According to IEC 61511, an international standard for the process industry, to prevent accidents it is appropriate to introduce several Independent Protection Layers (IPL) to protect the equipment under control. In addition to Basic Process Control Systems (BPCS) and alarms, IEC 61511 strongly recommends the adoption of Safety Instrumented Systems (SIS), suitable for bringing the process to safe conditions in case of other layers malfunction.

In its simplest architecture, a SIS includes at least one sensor, a logic unit and an actuated valve which represents its final element.

B. Safety by Design

To keep process plants under control, the process variables have to be constantly monitored. Most of the measurement techniques involve the use of components exposed to the process. It is, therefore, required to use components not only suitable for the process, but also capable of withstanding severe process conditions.

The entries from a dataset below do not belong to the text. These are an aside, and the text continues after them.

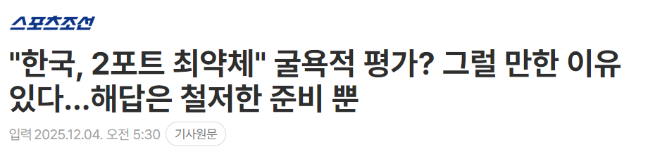 这家韩媒表示,欧洲和南美媒体的看法如出一辙,韩国队是第二档球队最弱的代表。英国体育媒体DAZN在近期发布的英格兰队世界杯抽签“最佳-最差”分组预测中,将与韩国队同组列为最佳签运。该媒体分析称:“第二档球队包括韩国、日本、伊朗、澳大利亚。对于英格兰队而言,与亚洲球队同组,堪称抽到了第二档里的上上签。”阿根廷媒体TyC体育也在世界杯参赛球队实力分析中,将韩国队列为第二档最弱球队。
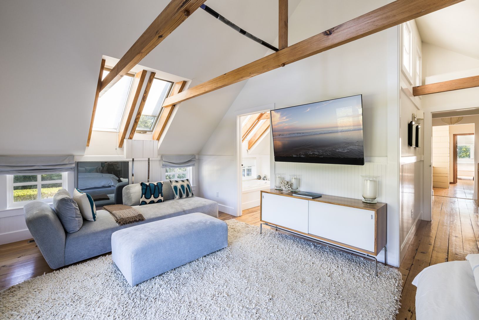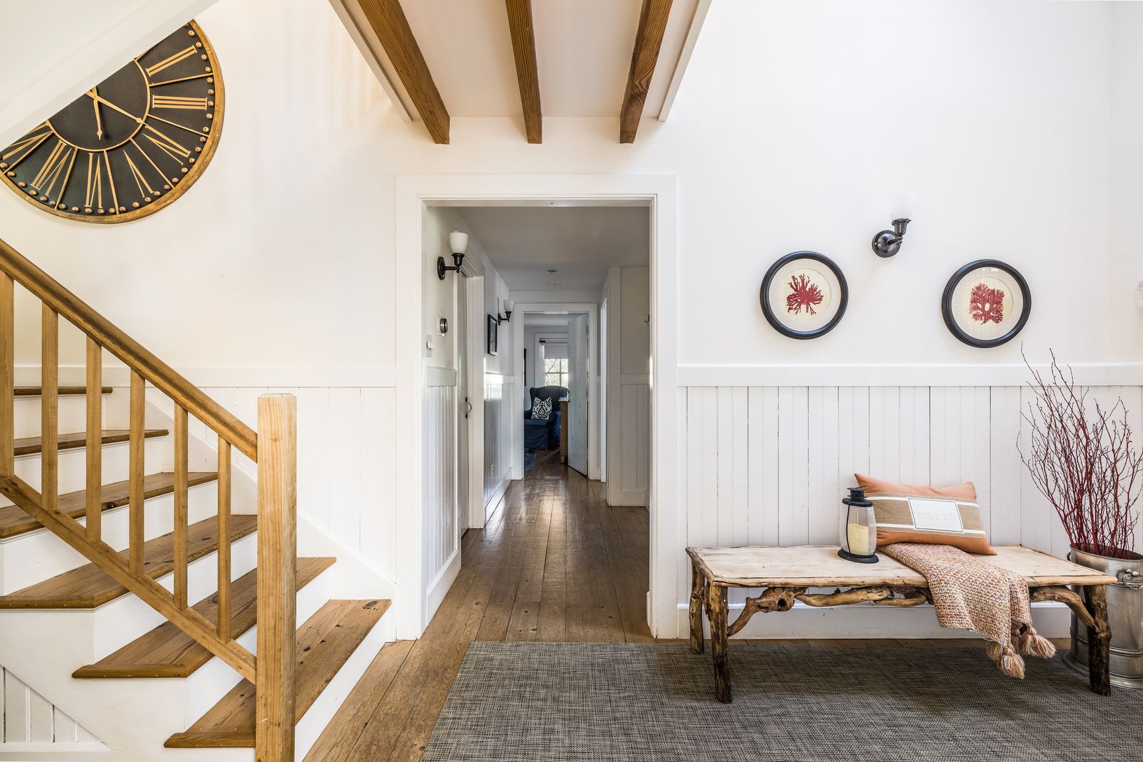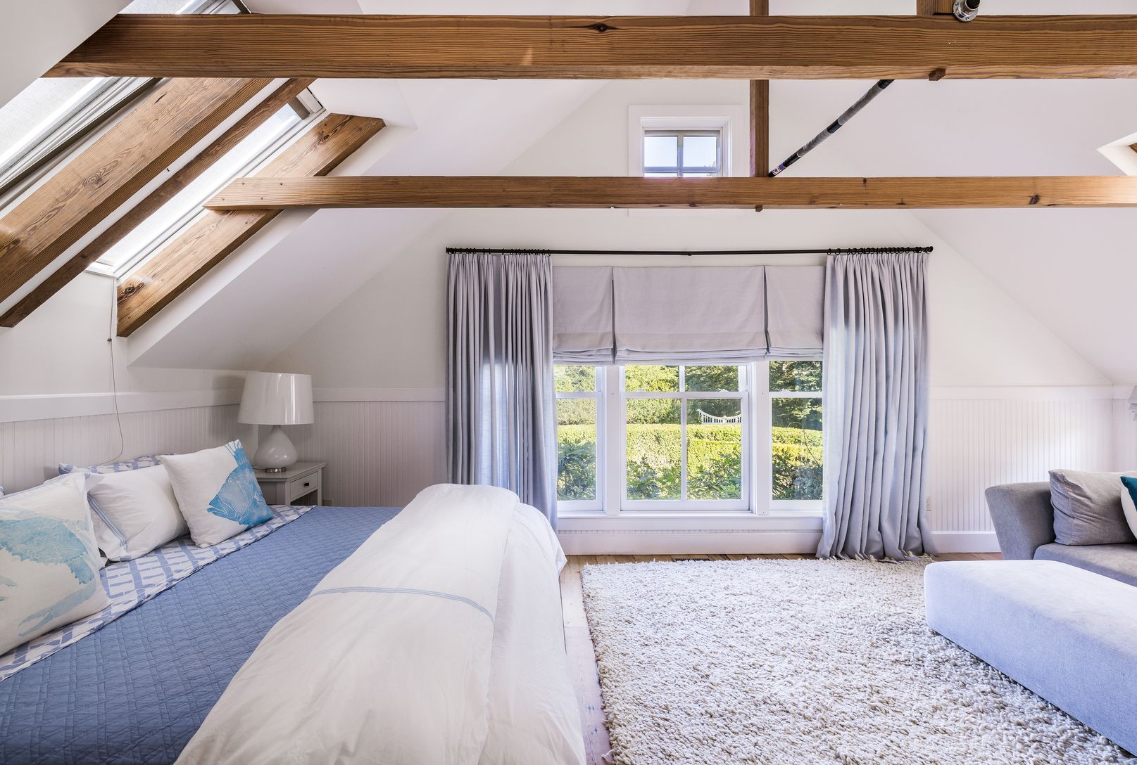 Located on one of the most picturesque lanes in East Hampton, this private 4 bedroom, 3 bath shingled traditional home is available for rent. It is within seconds to ocean beaches, Maidstone Club, and East Hampton Village, making it a convenient location for your next vacation. The classic comfort of the house is complemented by a light and airy ambiance, with hardwood flooring and a vaulted ceiling featuring exquisitely exposed wood beams. Th
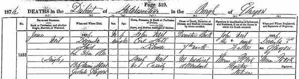 Death of Mary Anne Neil or Chrystal 7 May 1916 in Glasgow
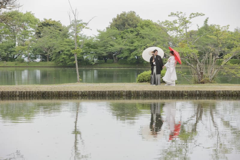周囲を取り囲むのは大きな池、お二人のゆったりした時間が流れます。
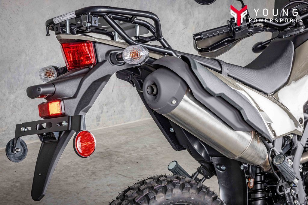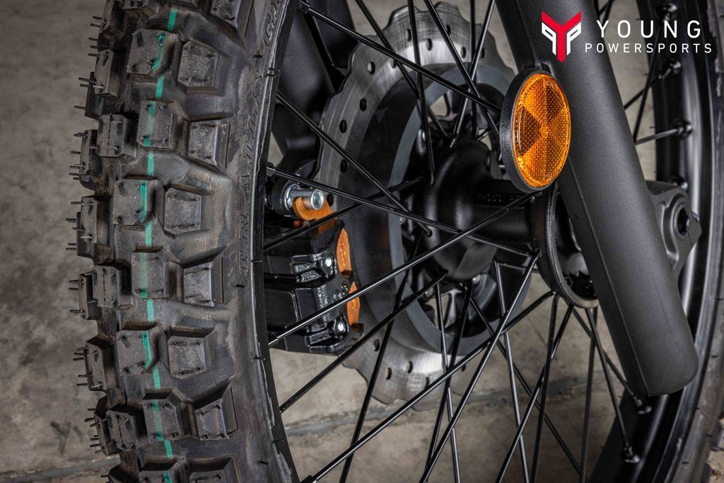 ADDITIONAL:- Rugged dual-sport capability and blacked-out utilitarian trail bike design

This concept, known as “Safety by Design”, leads to particularly accurate designs. Sensors suitable for Safety Instrumented Systems have to be designed to reduce dangerous failures, not immediately detectable, through an internal diagnostic coverage (failure avoidance).

Since instrumentation failures cannot be completely avoided, redundancy generally represents a valid solution to ensure process safety (failure tolerance). Redundancy is obviously guaranteed by multiple sensors used in a parallel architecture.

III. Functional safety

However, safety based on Diagnostic Coverage (DC) and Hardware Fault Tolerance (HFT) is not sufficient according to functional safety. Components of Safety Instrumented Systems are required to be periodically tested by adopting fully tested operating procedures (failure detection).

Carrying out tests in operating conditions (manual proof tests) helps to ensure the reliability of the components by reducing their Probability of Failure on Demand (PFD).

The main purpose of the IEC 61508 is the calculation of the PFD of Safety Instrumented Systems. In the following, the theoretical basis of the relationships, provided by IEC 61508, will be shown by using Markov models.

A. Mean Down Time

The calculation of PFD is based upon the Mean Down Time (MDT). The Mean Down Time is the interval of the mission time during which the SIS remains failed and it is, therefore, unable to perform its safety function.

This result is important to analyse the PFD value in practice and thoroughly understand the content of the international standard IEC 61508.

Fig. 1 mean Down TIme — Fig. 1 – Mean Down Time

B. Contributions to the Mean Down Time (MDT)

The Mean Down Time collects two different contributions, corresponding to:

failures detected by internal diagnostics;
failures that remain undetected until manual proof tests are carried out.

The Mean Down Time includes the time to detect and then to repair the failure. The down time for ‘detected failures’, allocated by internal automatic diagnostics, is relatively short. The down time due to ‘undetectable failures’ is much longer. Failures may remain undetected until the next proof test. Above all, the Mean Down Time depends upon the interval between two manual proof tests.

C. Calculation of the probability of failure

Dangerous undetectabled failures occur continuously at a constant failure rate (λ_DU). The accumulating random failures follow an exponential distribution, that can be described as follows.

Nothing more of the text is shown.